There was one play in particular that impressed me (which I will break down in detail later today), in which Flynn took a bootleg to his left and threw downfield to his deep-dragging tight end in Zach Miller. Miller made the catch and got hit (and concussed) but rolling left and making that pass takes a lot of skill and accuracy. He also put a nice zip on the ball so I thought that was impressive as well.
In terms of playcalling and formations - I remember thinking while watching the second half yesterday that Russell Wilson sure saw a lot of I-Formation, "21" personnel groupings with two running backs and a tight end. I thought initially that perhaps this was to make Russ more comfortable because that's what they did at Wisconsin a lot of the time with Montee Ball and Bradie Ewing. But, in charting the first drive for Matt Flynn, he too saw that look, and a lot.
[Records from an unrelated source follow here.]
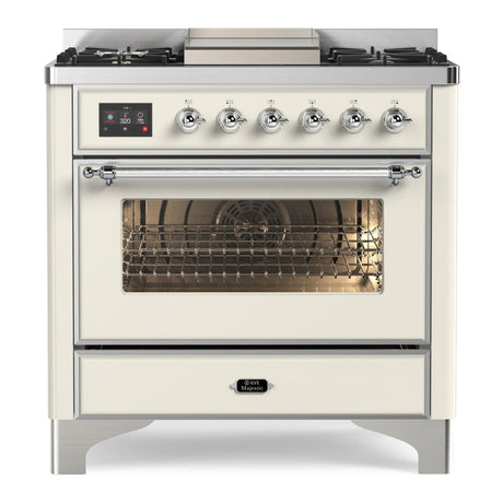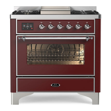 ILVE Majestic II 36" Dual Fuel Range 6 Sealed Burners, Triple Glass Door, Burgundy, Chrome Knobs-LP
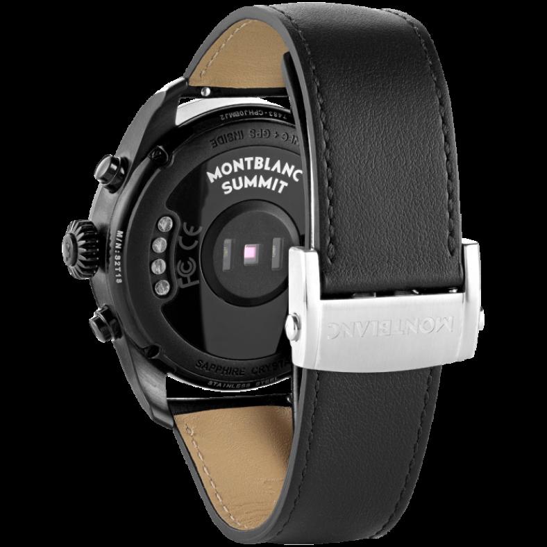 El Montblanc Summit 2 luce una apariencia sumamente elegante que se caracteriza por un case de 42mm (unisex) hecho de acero inoxidable, el cual consta de distintas presentaciones de colores que varían entre negro, plateado y gris. El dial consiste de una pantalla de 1.2 pulgadas con tecnología AMOLED y cristal de zafiro para garantizar su resistencia, esta presenta una resolución de 400 x 400 píxeles y una densidad de 327ppp. En la parte posterior se halla un sensor de ritmo cardíaco junto a los respectivos pines de carga y una cubierta de metal con cristal.
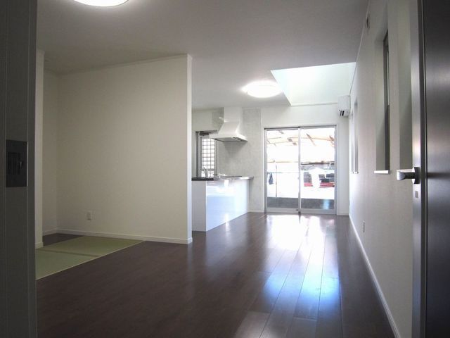 敷地間口:5.8m・奥行:23m、3方向で隣地が迫る敷地条件の為、採光計画にポイントを置き、2階屋根のトップライトからの採光を1階リビングに採り入れることでLDKの明るさを確保しました。
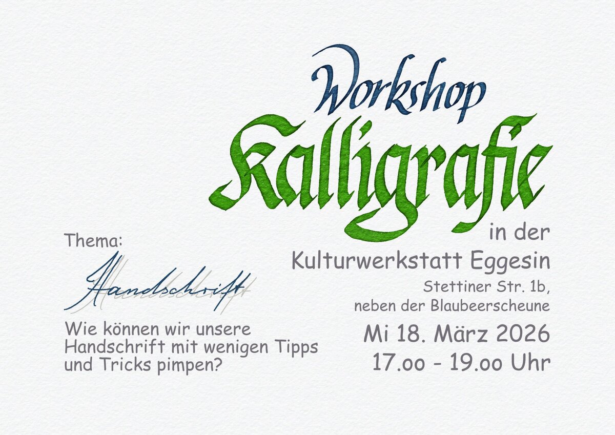 Nun soll Endich ein neuer Kalligrafie-Workshop in Eggesin starten: Am Mittwoch den 18. März treffen wir uns endlich wieder und wollen uns diesmal mit unserer Handschrift beschäftigen. Die Frage ist: Wie können wir sie kalligrafisch einsetzen? Ein Beispiel für eine kalligrafisch eingesetzte Handschrift findet du hier: https://papierkunst.info/die-feder/
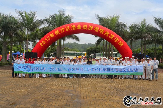 踏入2013年以來,各類環(huán)境問題不斷爆發(fā),PM2.5超標、死豬漂流、禽流感等一系列生態(tài)環(huán)境問題無時不在威脅著我們的生存。為此,我國以“同呼吸 共奮斗”作為2013年世界環(huán)境日的中國主題,倡導(dǎo)在同一片藍天下生活、呼吸的每一個公民牢固樹立保護生態(tài)環(huán)境的理念,為建設(shè)美麗中國共同努力。響應(yīng)保護環(huán)境的號召,廣汽豐田于6月6日攜手南沙區(qū)政府開展第七屆“飲水思源”增殖放流活動,為保護南沙海域的生態(tài)環(huán)境貢獻力量。本次活動上,廣汽豐田共放流魚苗將近380萬尾。
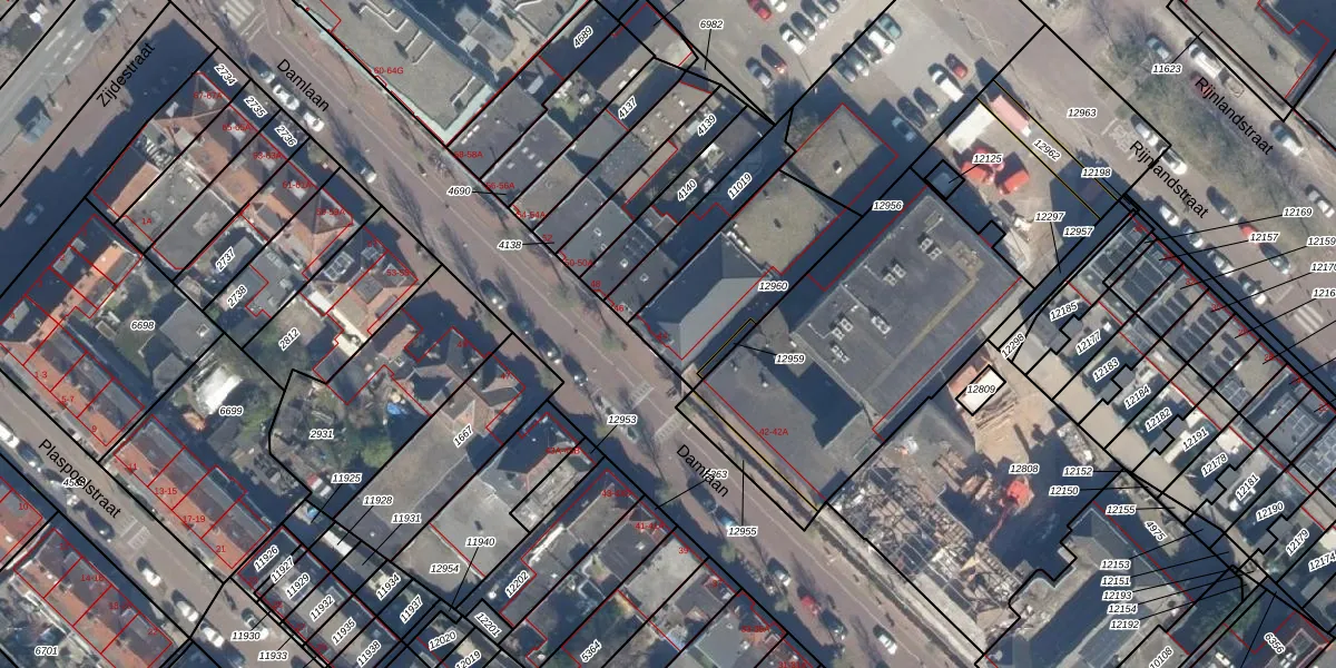 Damlaan 44 is gelegen op kadastraal perceel VEU00B12960. Deze kadastrale aanduiding is uniek en wordt gebruikt door het Kadaster om eigendomsrechten en andere zakelijke rechten vast te leggen. Het perceel maakt onderdeel uit van de kadastrale gemeente Veur.
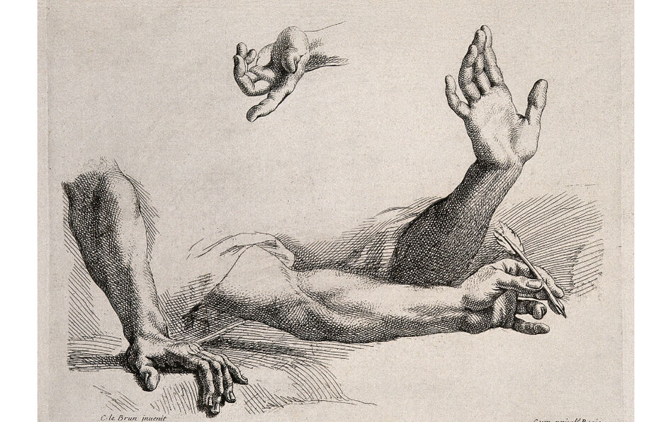 Trois avant-bras et une main, étude. Gravure de Charles Le Brun (1619-1690). © Wellcome collection
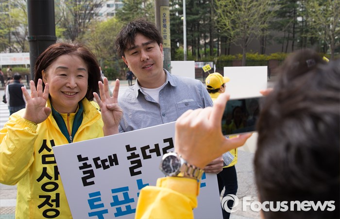 (고양=포커스뉴스) 제20대 국회의원 선거를 하루 앞둔 12일 오후 심상정 정의당 고양갑 후보가 경기 고양시 롯데마트 화정점 앞에서 한 시민과 기념촬영 하고 있다.
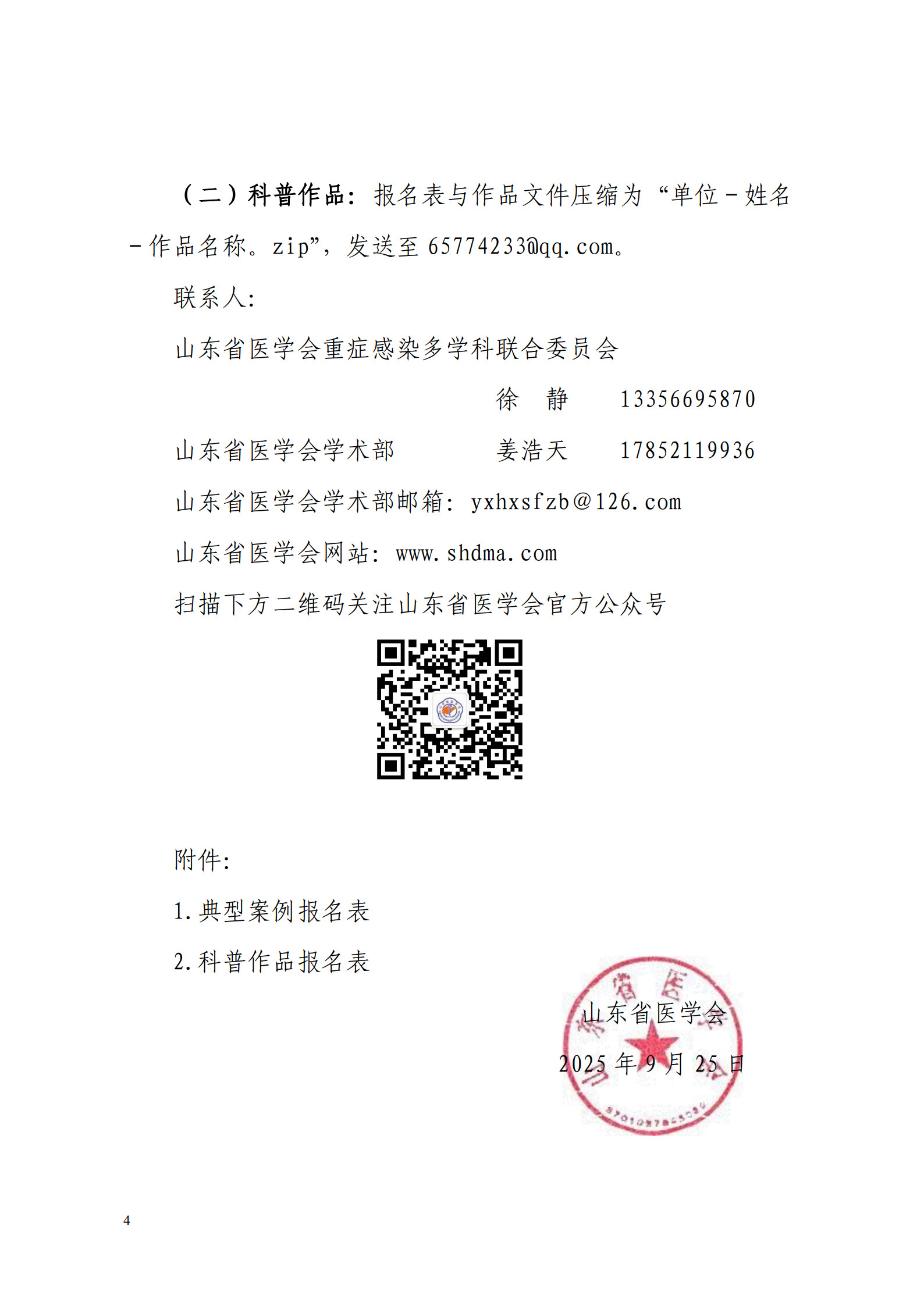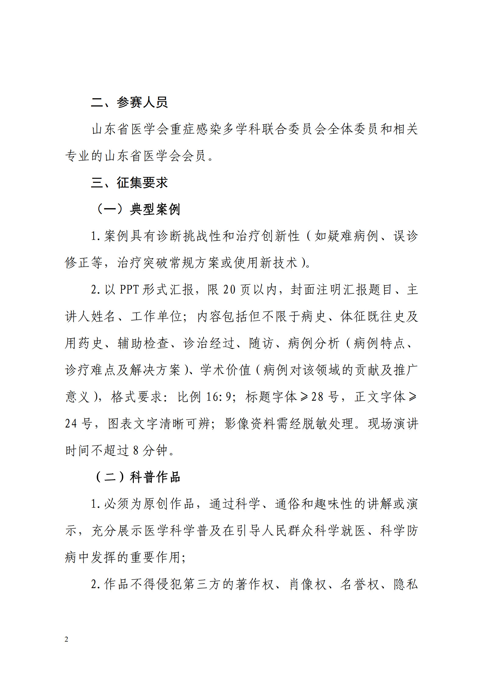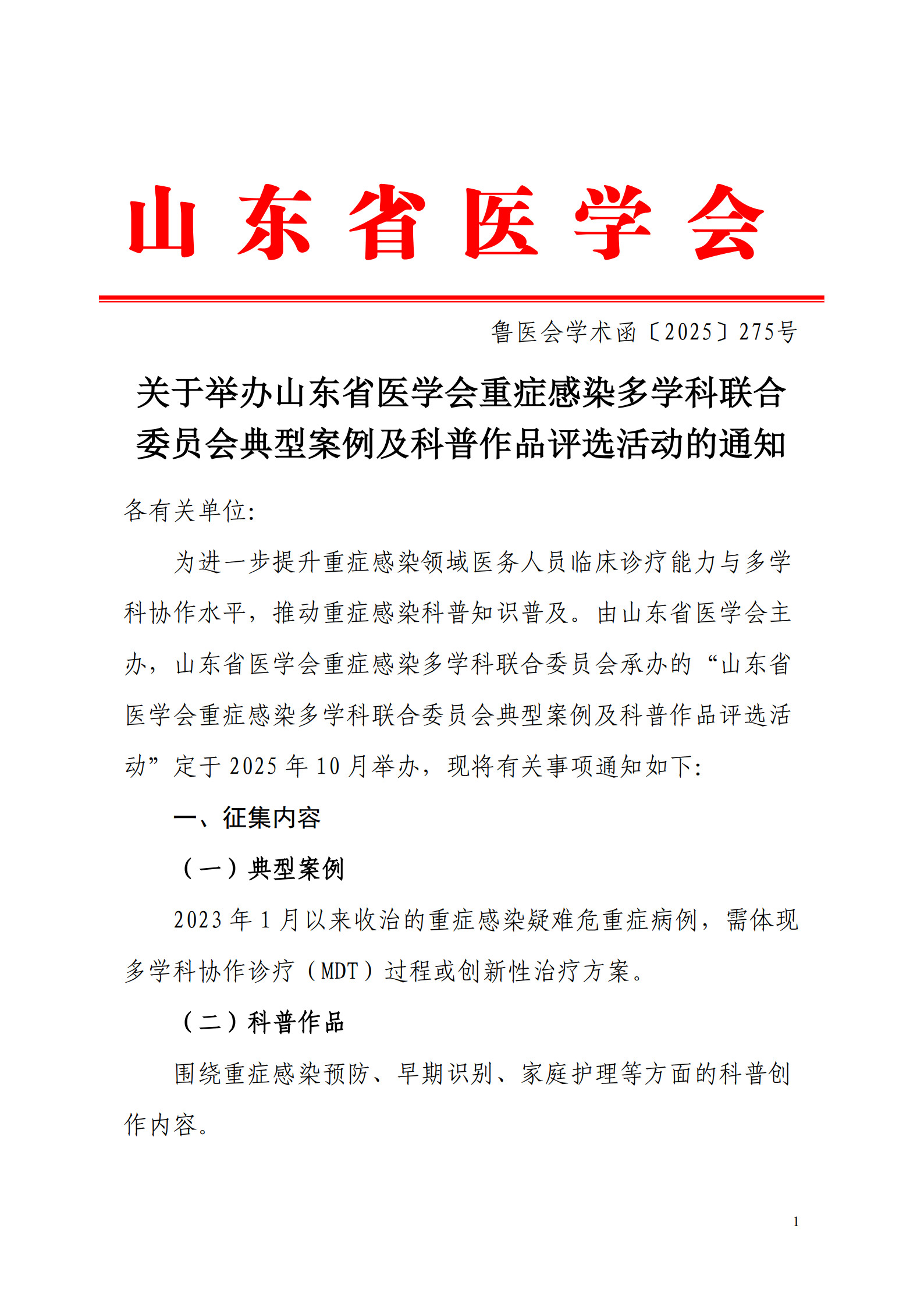 关于举办山东省医学会重症感染多学科联合委员会典型案例及科普作品评选活动的通知
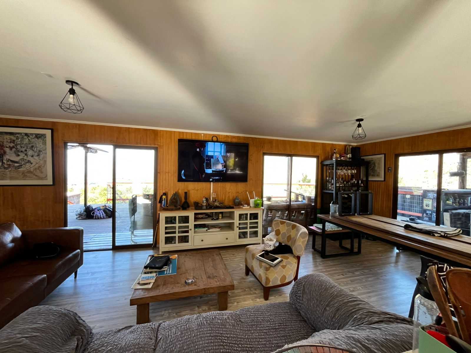 Gran quincho de 80 metros cuadrados techado, equipado con parrilla y bar.
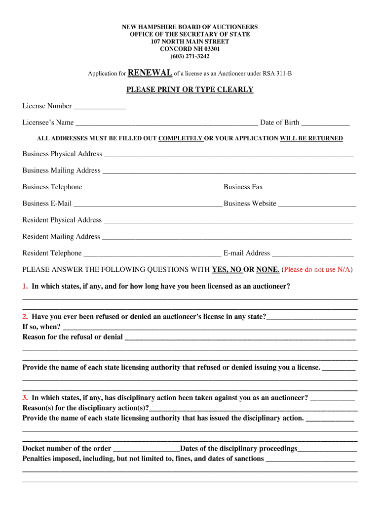 NEW HAMPSHIRE BOARD OF AUCTIONEERS OFFICE OF THE SECRETARY OF STATE 107 NORTH MAIN STREET CONCORD NH 03301 (603) 2713242 Application for RENEWAL of a license as an Auctioneer under RSA 311BPLEASE
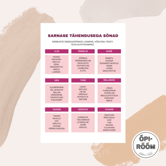 Sarnase tähendusega sõnad klassi seinale või õpilasele lisamaterjaliks, et kirjatööd oleksid mitmekesise sõnavaraga.
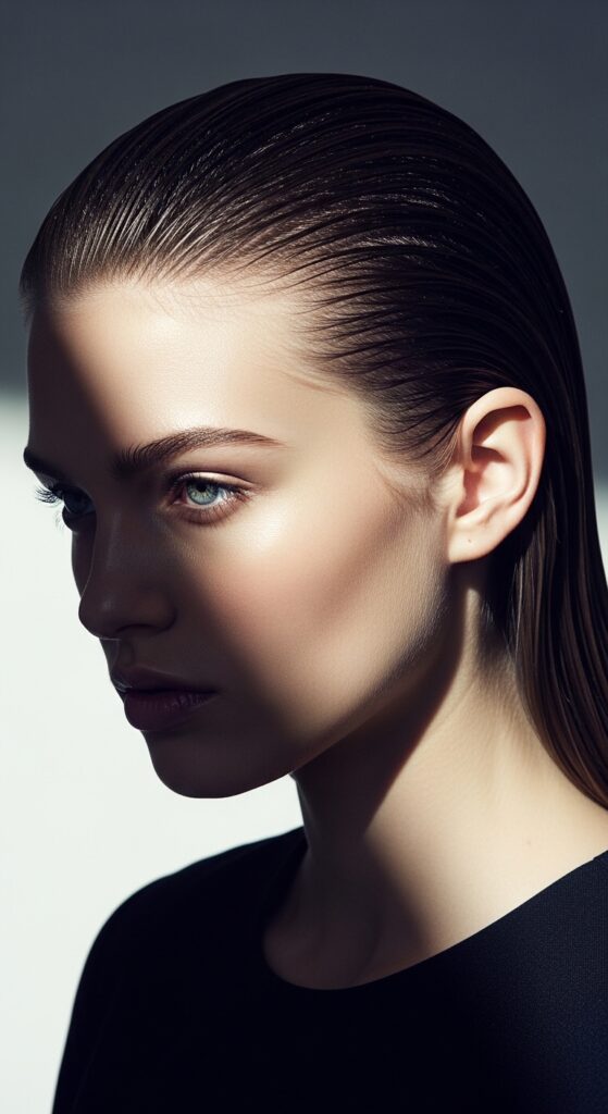 This is less about the cut and more about styling. Slicked-back hair creates a very sharp, high-fashion dimension.

His first 11 plays went like this - (I stopped charting after I realized my theory on 'differing offenses between the two' wasn't holding too much water, at least personnel-wise).
1 - 21 balanced.
2 - 12 I-formation, Miller left.
3 - 12 I-formation, Miller left, both receivers set right.
4 - 22 I-formation, Miller, Mccoy on the left, Golden Tate lone receiver on the left.
5 - 21 balanced.
6 - 12 I-formation, Miller right.
7 - 11 empty backfield, shotgun, Turbin slot right, Miller left.
8 - 12 I-formation.
9 - 11, Miller right, shotgun.
10 - 11, Mccoy to the left.
11 - 21, heavy left.
As you can see, five of the eleven plays were in 12 personnel in the I-formation - i.e., a fullback/running back stacked behind the quarterback, who is under center. I guess I would expect this is going to be a heavy-use look this season for whoever is out there at QB. Regardless, I'm hoping to go through and chart personnel later this week and I'll report back on the later drives as well for Flynn, and the differences between that of Wilson.
None of the receivers in the first half really stood out to me - Golden Tate had was quietly effective, with two grabs in the first half. No other receiver had more than one (until Braylon caught his two in the 2nd Half).
I've got several plays picked out to breakdown, so I'm going to start in on those now. Thoughts?